Keyes waited, a slight smile on his face. Finally, he broke the silence. “May I come in?”
“Sure, sorry. You weren’t quite what we were expecting.” Bill stepped aside to let him in. “I’m Bill Snider. The young man over there is Colin Wilcox.”
Keyes nodded as he crossed to look down at Colin. “Do you mind?” he asked, pointing at the empty space on the sofa.
Colin shrugged, watching him cautiously now.
Keyes sat and took out his notebook, flipping to a blank page. “I’d like to know what happened. You don’t have to go into details if that makes you uncomfortable. I just need to know how and why you ended up with those men.”
Worrying his lip, Colin glanced over at Bill. When he received a look of encouragement, he began telling the detective how he’d first met the man who had been instrumental in his rape.
“You never saw him before that evening?” Keyes asked.
“Nope. He was a new client, or at least new to me. We met in the room, he…” Colin swallowed hard. “I won’t do the S&M scene or bareback. A bit of light bondage is my limit. He wasn’t happy about that. He got angry, pulled a knife, I got cut, and got the hell out of there before he had a chance to do anything more.”
“He came with a knife. That’s interesting.”
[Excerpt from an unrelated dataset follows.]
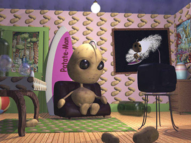 Première illustration de Patateman qui bulle devant la télé (2004), logiciel Lightwave.

“Interesting?” Colin chuckled morosely. “More than interesting I’d say.”,
* * * * *
“Can I ask a question, Detective Keyes?”
“Of course, and call me Dane.”
“Okay, Dane.” Colin smiled shyly at him for a second before getting back to what he wanted to know. “This kid they killed, was he in the business too?”
“At the moment, we’re not certain. We’re still trying to locate family or friends to find out more about him.”
“If he’s a whore like me, you might be shit out of luck,” Colin told him.
Keyes winced a bit at Colin’s bluntly calling himself a whore. That elicited a tight smile from the young man.
“That’s what I am, Dane. Why sugarcoat it?”